[Records shown — start]
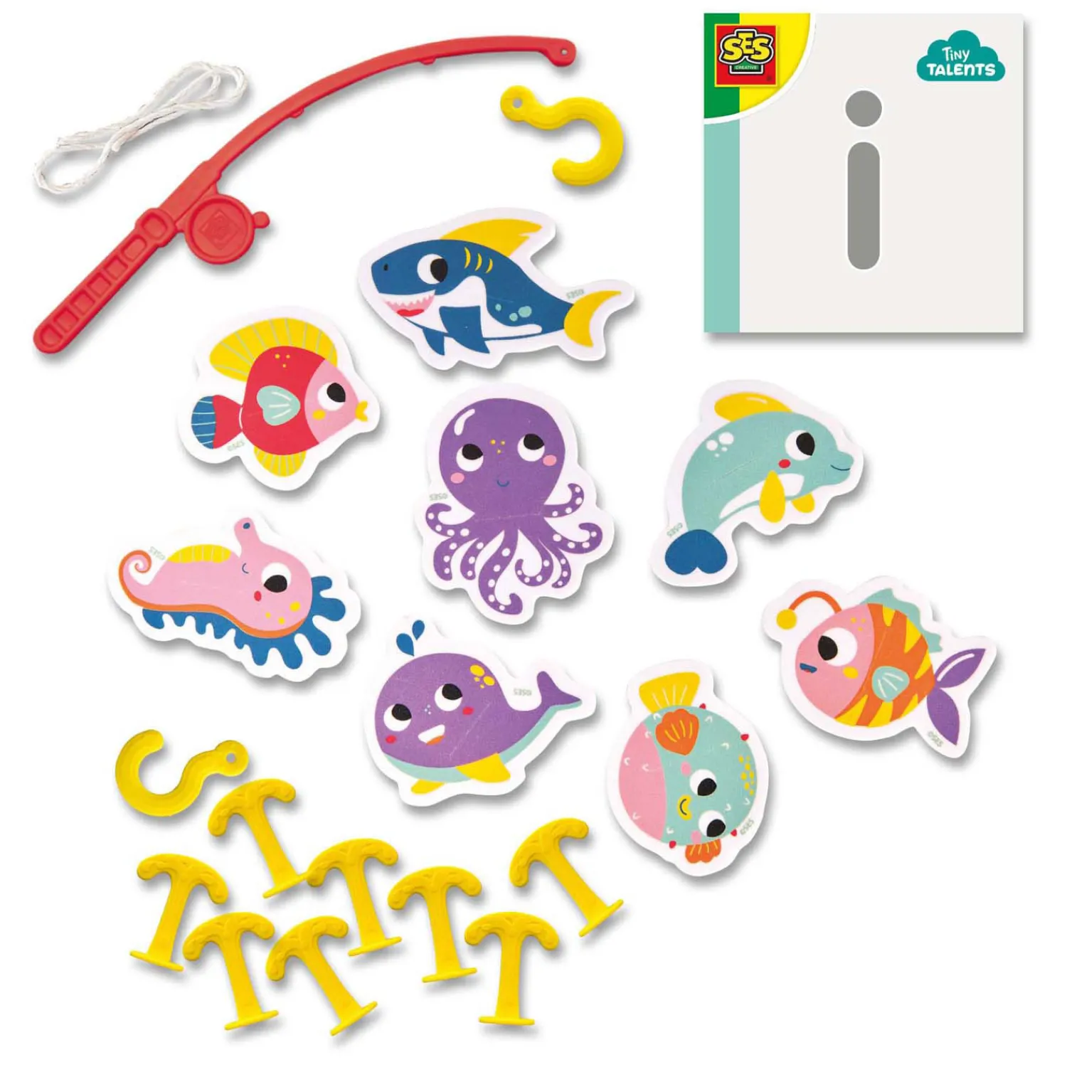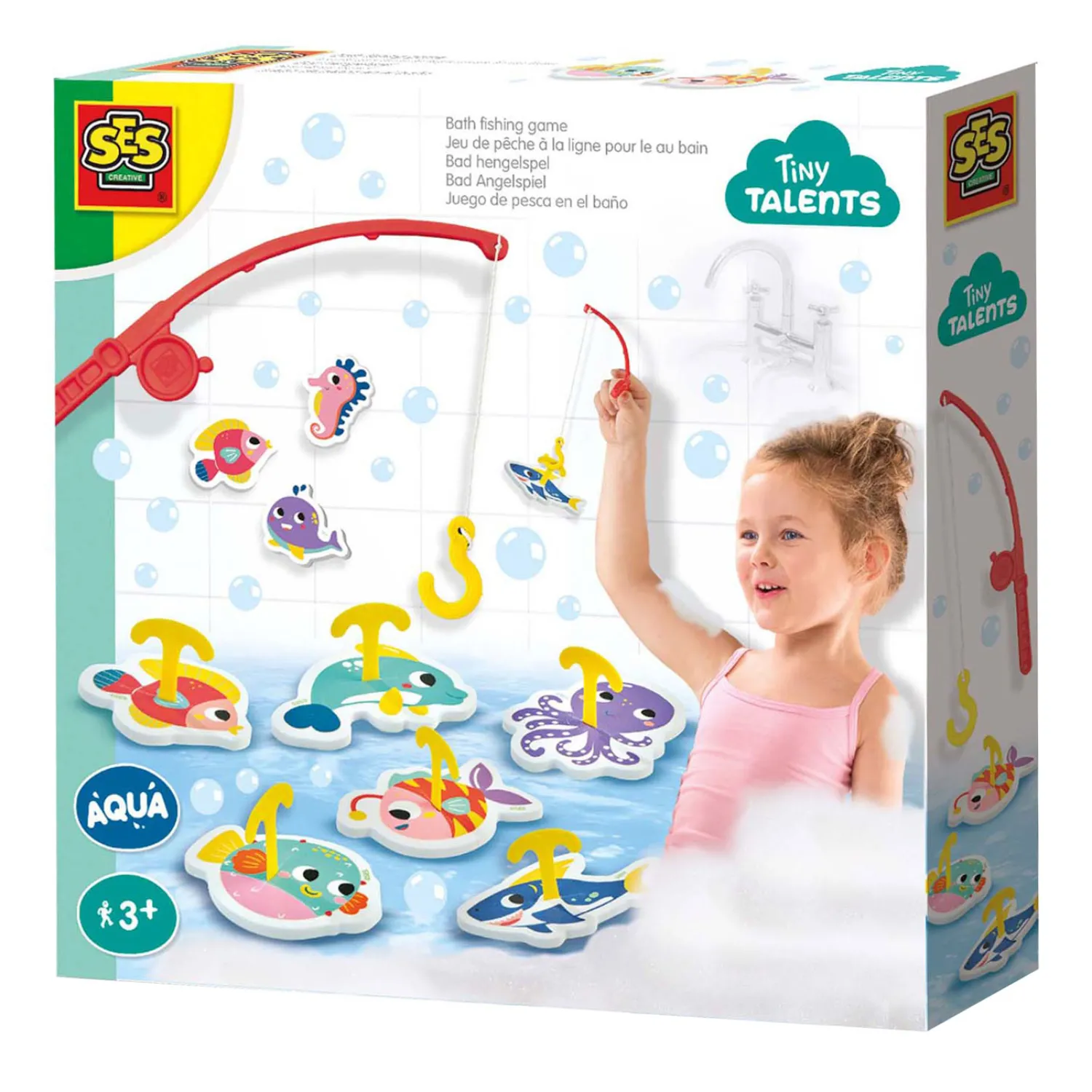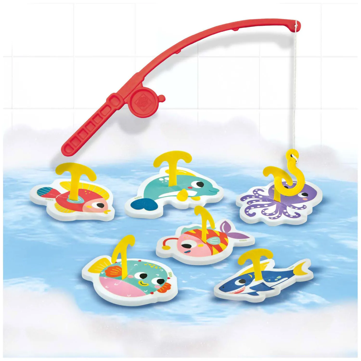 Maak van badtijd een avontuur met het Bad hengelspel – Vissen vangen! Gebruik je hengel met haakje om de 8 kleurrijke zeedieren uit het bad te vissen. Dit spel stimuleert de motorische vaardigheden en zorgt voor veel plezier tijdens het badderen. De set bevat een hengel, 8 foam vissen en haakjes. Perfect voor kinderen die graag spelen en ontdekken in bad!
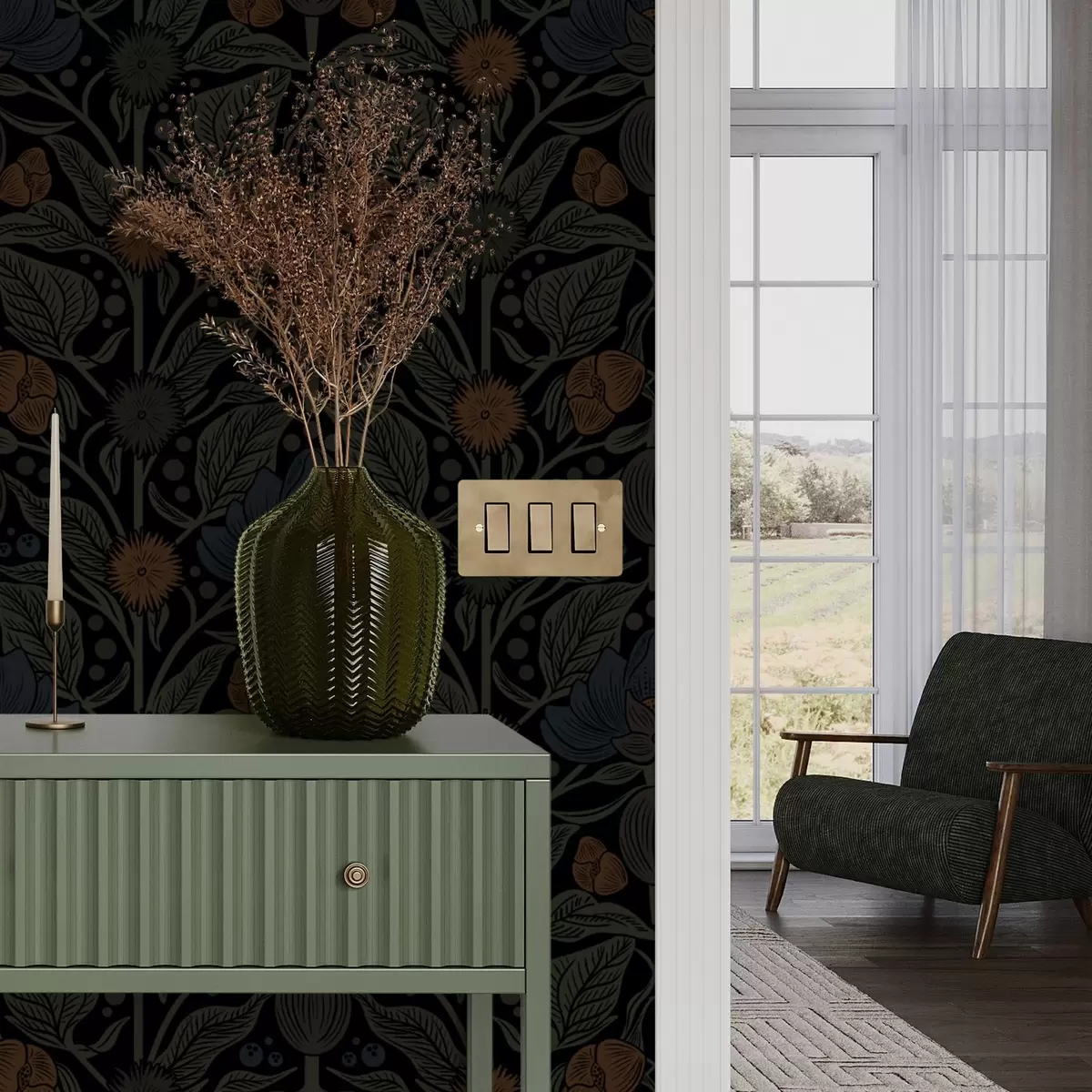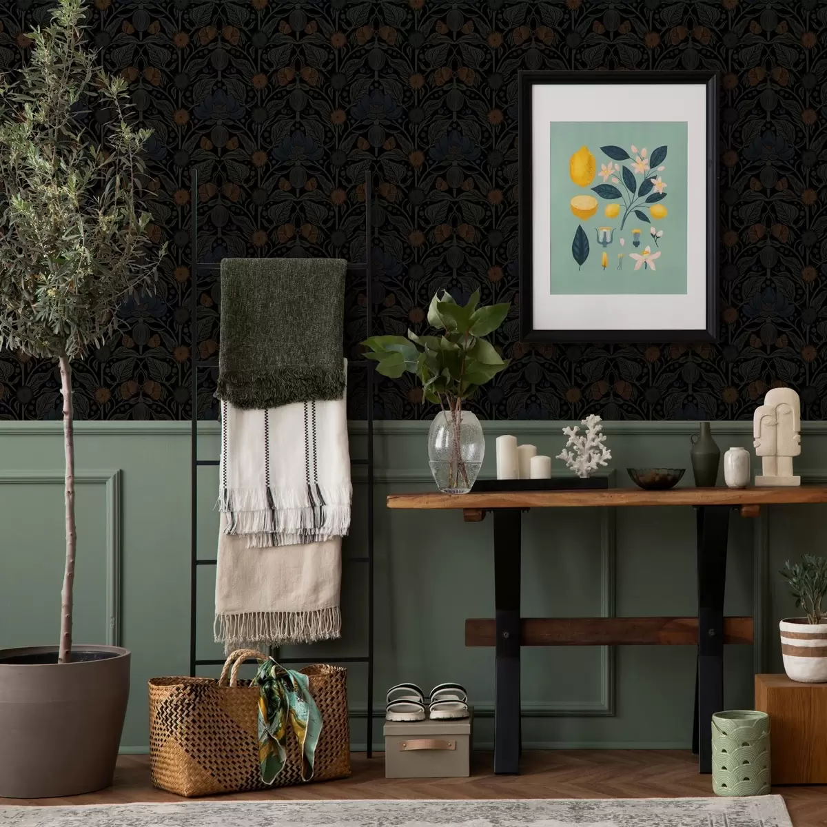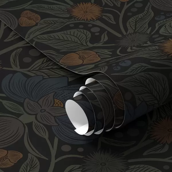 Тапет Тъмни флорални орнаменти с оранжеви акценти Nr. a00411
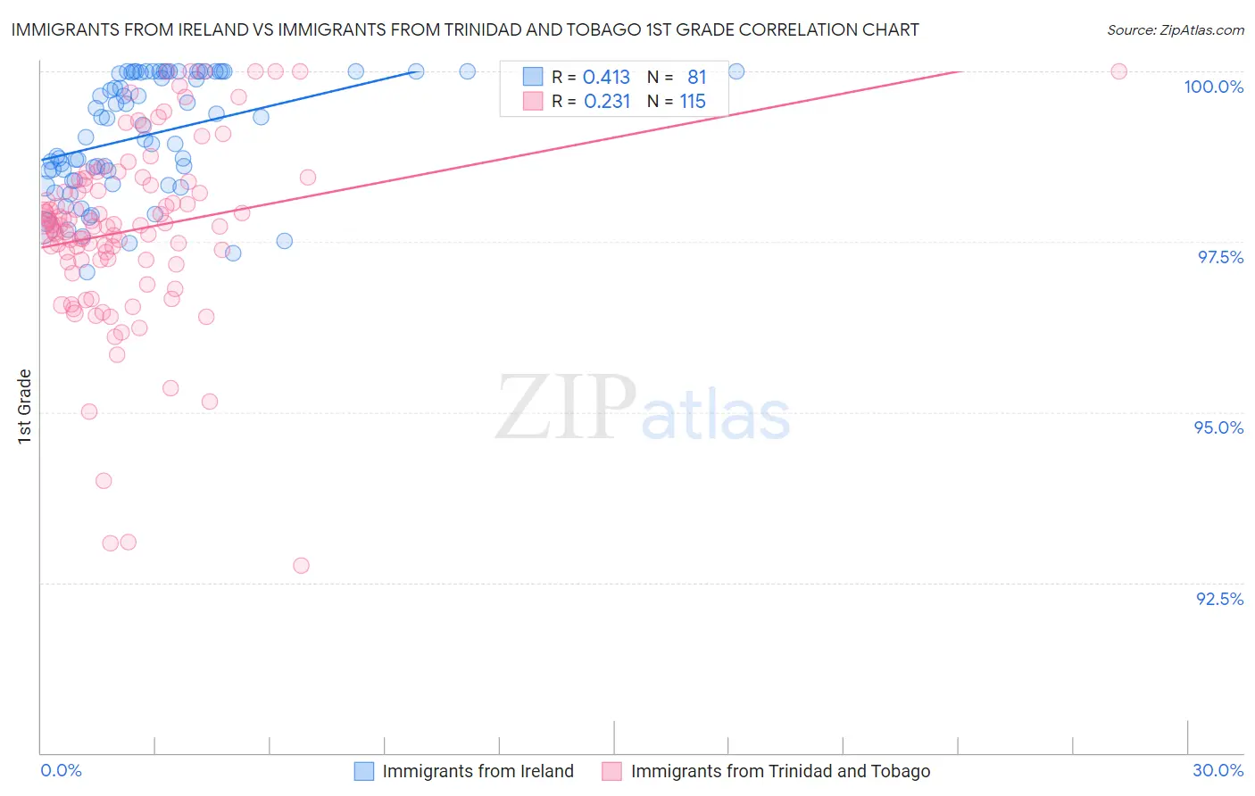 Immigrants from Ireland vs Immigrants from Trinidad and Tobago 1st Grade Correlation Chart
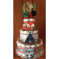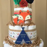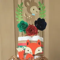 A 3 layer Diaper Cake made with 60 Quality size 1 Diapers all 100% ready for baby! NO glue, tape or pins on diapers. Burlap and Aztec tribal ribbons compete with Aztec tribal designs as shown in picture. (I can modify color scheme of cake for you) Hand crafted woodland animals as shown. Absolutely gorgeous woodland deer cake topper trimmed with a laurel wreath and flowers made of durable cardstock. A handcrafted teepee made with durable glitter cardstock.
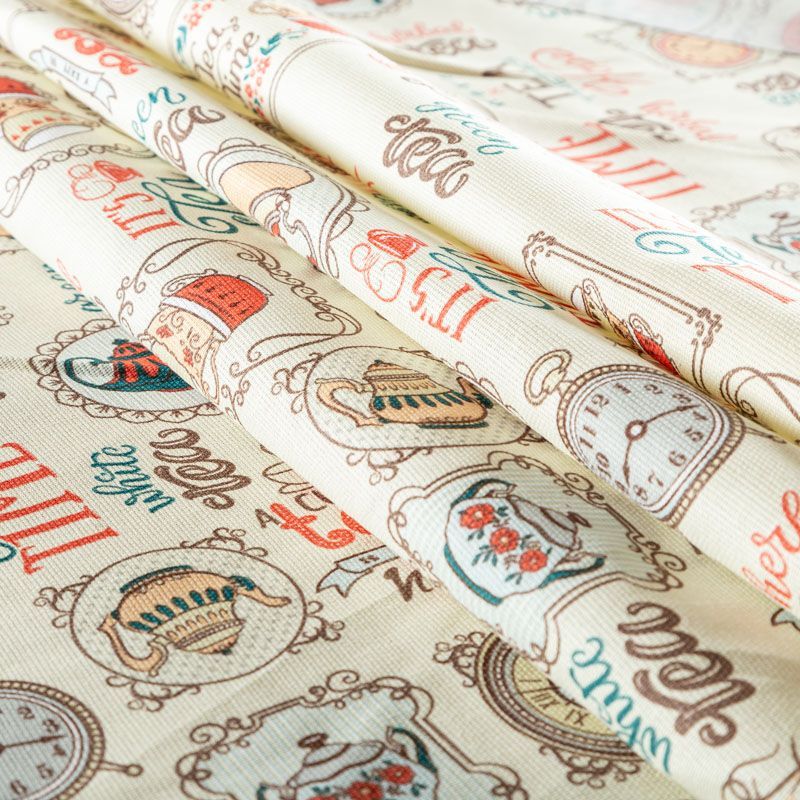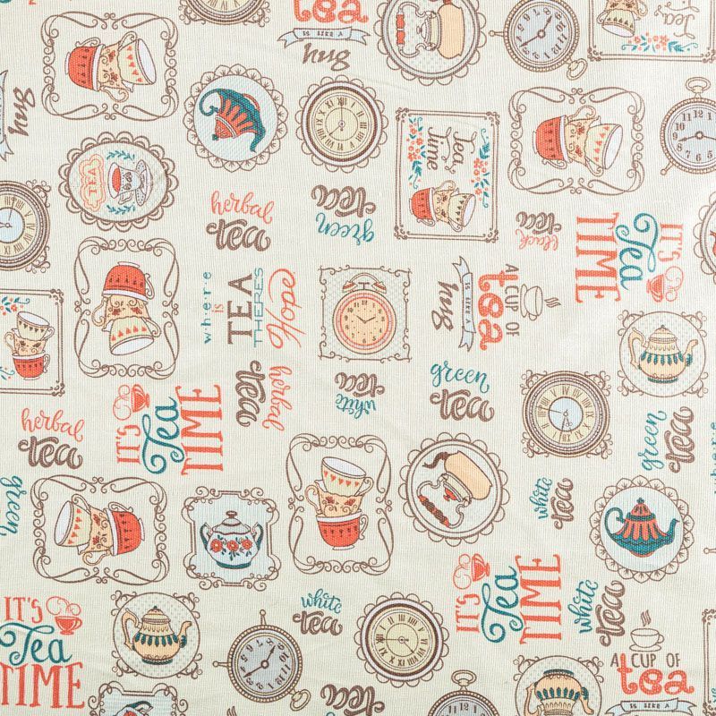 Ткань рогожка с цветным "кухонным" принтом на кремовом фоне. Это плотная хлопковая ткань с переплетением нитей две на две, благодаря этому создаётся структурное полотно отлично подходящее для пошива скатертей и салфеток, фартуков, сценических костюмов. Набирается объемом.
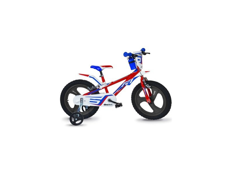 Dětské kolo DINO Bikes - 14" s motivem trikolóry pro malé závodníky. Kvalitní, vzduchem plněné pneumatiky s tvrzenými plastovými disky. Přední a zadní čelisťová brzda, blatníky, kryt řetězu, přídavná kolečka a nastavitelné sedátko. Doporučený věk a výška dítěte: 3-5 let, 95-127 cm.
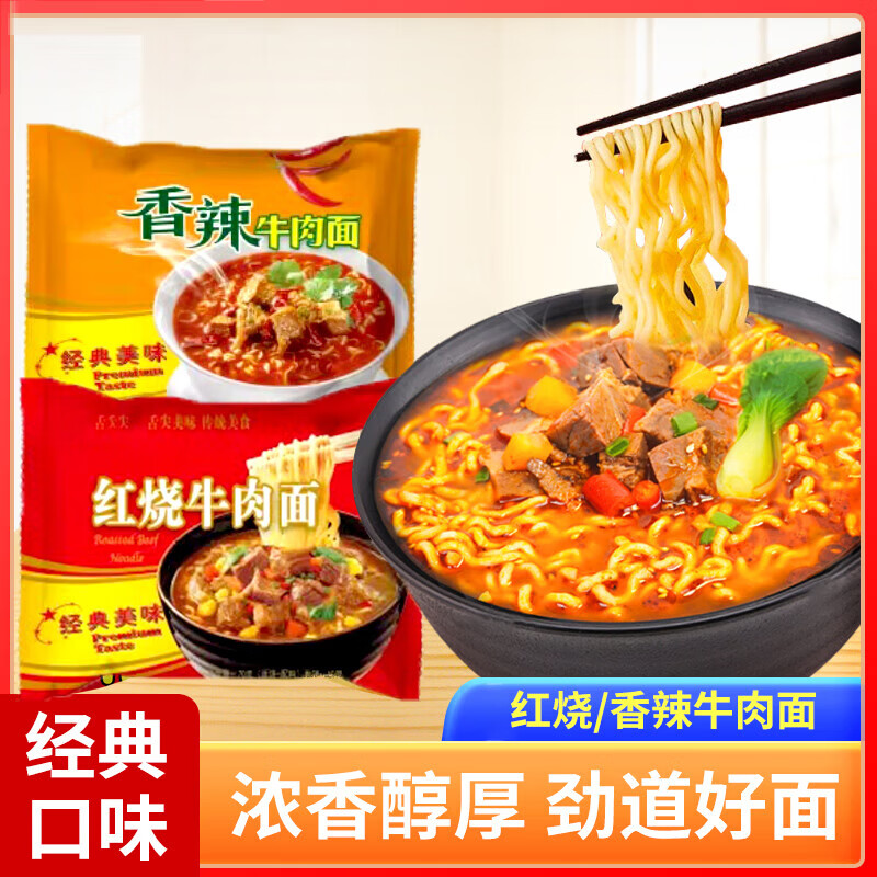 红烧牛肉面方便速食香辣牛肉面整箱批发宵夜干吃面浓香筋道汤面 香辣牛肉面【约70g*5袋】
[Records shown — finish]
Your answer must be an exact copy of the records above, with no pictures included.

Task answer:
 Maak van badtijd een avontuur met het Bad hengelspel – Vissen vangen! Gebruik je hengel met haakje om de 8 kleurrijke zeedieren uit het bad te vissen. Dit spel stimuleert de motorische vaardigheden en zorgt voor veel plezier tijdens het badderen. De set bevat een hengel, 8 foam vissen en haakjes. Perfect voor kinderen die graag spelen en ontdekken in bad!
 Тапет Тъмни флорални орнаменти с оранжеви акценти Nr. a00411
 Immigrants from Ireland vs Immigrants from Trinidad and Tobago 1st Grade Correlation Chart
 A 3 layer Diaper Cake made with 60 Quality size 1 Diapers all 100% ready for baby! NO glue, tape or pins on diapers. Burlap and Aztec tribal ribbons compete with Aztec tribal designs as shown in picture. (I can modify color scheme of cake for you) Hand crafted woodland animals as shown. Absolutely gorgeous woodland deer cake topper trimmed with a laurel wreath and flowers made of durable cardstock. A handcrafted teepee made with durable glitter cardstock.
 Ткань рогожка с цветным "кухонным" принтом на кремовом фоне. Это плотная хлопковая ткань с переплетением нитей две на две, благодаря этому создаётся структурное полотно отлично подходящее для пошива скатертей и салфеток, фартуков, сценических костюмов. Набирается объемом.
 Dětské kolo DINO Bikes - 14" s motivem trikolóry pro malé závodníky. Kvalitní, vzduchem plněné pneumatiky s tvrzenými plastovými disky. Přední a zadní čelisťová brzda, blatníky, kryt řetězu, přídavná kolečka a nastavitelné sedátko. Doporučený věk a výška dítěte: 3-5 let, 95-127 cm.
 红烧牛肉面方便速食香辣牛肉面整箱批发宵夜干吃面浓香筋道汤面 香辣牛肉面【约70g*5袋】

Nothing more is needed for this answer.